Certamente penalizzato dallo scoppio della Seconda Guerra Mondiale, il secondo Classico non venne apprezzato quanto necessario. Considerato un flop nonostante gli effetti animati rivoluzionari, Pinocchio è stato a lungo oscurato dagli altri lungometraggi ben più amati della Disney. L’ispirazione in questo caso veniva dal romanzo di Carlo Collodi, Le avventure di Pinocchio – Storia d’un burattino (1883), adattandone però la sensibilità di fine Ottocento troppo distante da quella tipicamente americana di Walt Disney. Sebbene la vicenda segua più o meno lo schema collodiano, il burattino è qui spogliato di ogni malizia e rappresentato come un bambino che si accinge a scoprire il mondo e si stupisce di tutto, poiché tutto per lui costituisce una novità. Uno degli elementi a brillare di più è sicuramente la stella dei desideri, emblema della Provvidenza che è pronta ad aiutarci ma fino a un certo punto, perché poi è nostro il compito rimboccarci le maniche per fare il resto. Questo tema è alla base del film sin dalla canzone di apertura, When You Wish Upon a Star, divenuta il simbolo stesso della Disney nella futura sigla di apertura.


L'arte

© Disney | min: 00.58.08

Quando il secondo classico Disney uscì nelle sale cinematografiche era il 1940 e la Gioconda di Leonardo da Vinci aveva ormai conquistato il mondo. Ritratto di Lisa Gherardini, giovane sposa di Francesco Bartolomeo del Giocondo, realizzato da Leonardo da Vinci tra il 1503 e il 1506, come tutti noi sappiamo è oggi conservato nel Museo del Louvre. Dopo il furto ad opera di Vincenzo Peruggia, nel 1911, l’immagine fotografata della Monna Lisa viaggiò oltreoceano e divenne così virale da essere considerata una vera e propria icona popolare. La dama leonardesca era alla pari di Marylin Monroe, tanto che l’artista contemporaneo Andy Warhol scelse entrambe come soggetti delle sue serigrafie più famose. Anche Walt Disney volle rappresentarla a suo modo nel film, sebbene non proprio al meglio delle sue condizioni. La vediamo infatti comparire nel Paese dei balocchi, trafugata e saccheggiata, utilizzata da Lucignolo per accendere un fiammifero. Del resto, non sappiamo cosa accadde di preciso dal momento del suo furto al ritrovamento, potrebbe essere davvero finita lì, per quel che ne sappiamo. Sicuramente ha acceso il fuoco di milioni di persone che ancora oggi la acclamano come una delle opere d’arte più apprezzate.

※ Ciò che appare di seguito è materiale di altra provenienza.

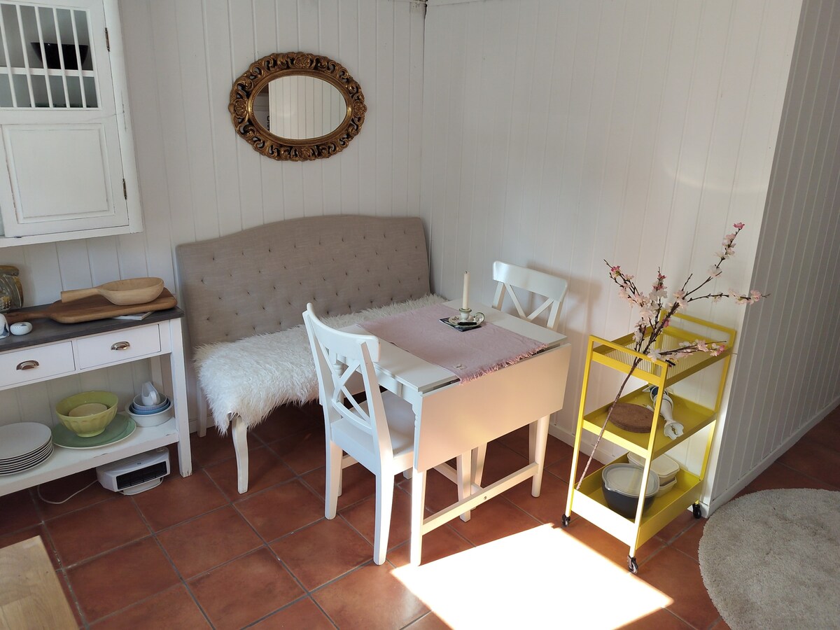 Cozy guest house (24m2). Small private space by the ocean with sunbeds and bathing facilities in the summertime. Simple kitchen facilities for making breakfast and lunch . Small beaches and hiking areas in the local area. 12 minutes drive to the center and 10 minutes to Dyreparken. 12 minutes walk to the bus. Mandatory washing NOK. 300. You have to bring your own bedlinen and towels. Minimum 2 nights rental.
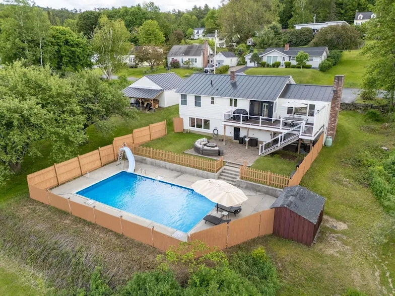 Welcome to your dream home! Nestled on a sprawling, oversized lot within one of the city's most desirable neighborhoods, this property offers the perfect blend of modern luxury and convenience. Circa 1965, this ranch-style home has been completely transformed with extensive upgrades, creating a warm and inviting atmosphere. The modern kitchen boasts sleek new cabinets, stunning quartz countertops and a charming breakfast nook with direct access to the private deck. Imagine sipping your morning coffee while overlooking your backyard oasis. The spacious living room and well-appointed dining room, complete with a fireplace, are sure to impress. Three perfectly sized bedrooms offer ample space for relaxation, while the two updated bathrooms feature stylish finishes and modern fixtures. Hardwood floors in the bedrooms add a touch of elegance, while updated flooring and fresh paint throughout the home create a bright and airy ambiance. The walk-out basement leads to a new back patio and a large fenced-in yard, complete with an inground pool & nearly 1.5 acres of land. If the weather isn't cooperating, the basement is the game changer featuring a game room, home theater & bar area, perfect for entertaining guests or relaxing with family. This home is ready for you to make memories and move in, TODAY! Minutes from I-91, Lebanon, Dartmouth, and the Upper Valley. Easy access to Keene, and year-round recreation at Okemo, Killington, and Mount/Lake Sunapee. Delayed showings until 6-17-25

Quella rappresentata in Pinocchio però è una Gioconda che non ha molto di cui ridere, soprattutto perché vittima del più grande reato che si possa commettere nei confronti di un dipinto: disegnarci sopra. La vediamo in una situazione di completo degrado e con uno scarabocchio sulla tela, di cui Leonardo non fu certamente autore. Non è sicuramente la prima volta che qualcuno ci scarabocchia su, si pensi ad esempio a quando Marcel Duchamp volle adornarla con baffi e pizzetto in L.H.O.O.Q. (Elle a chaud au cul). Un gesto coerente con le idee del movimento dadaista, che utilizza un'immagine istituzionalmente accademica e considerata icona dell’arte ufficiale per compie su di essa una azione di grafica infantile, irrisoria e dissacrante. Si rifiuta, quindi, di produrre arte in modo tradizionale creando immagini.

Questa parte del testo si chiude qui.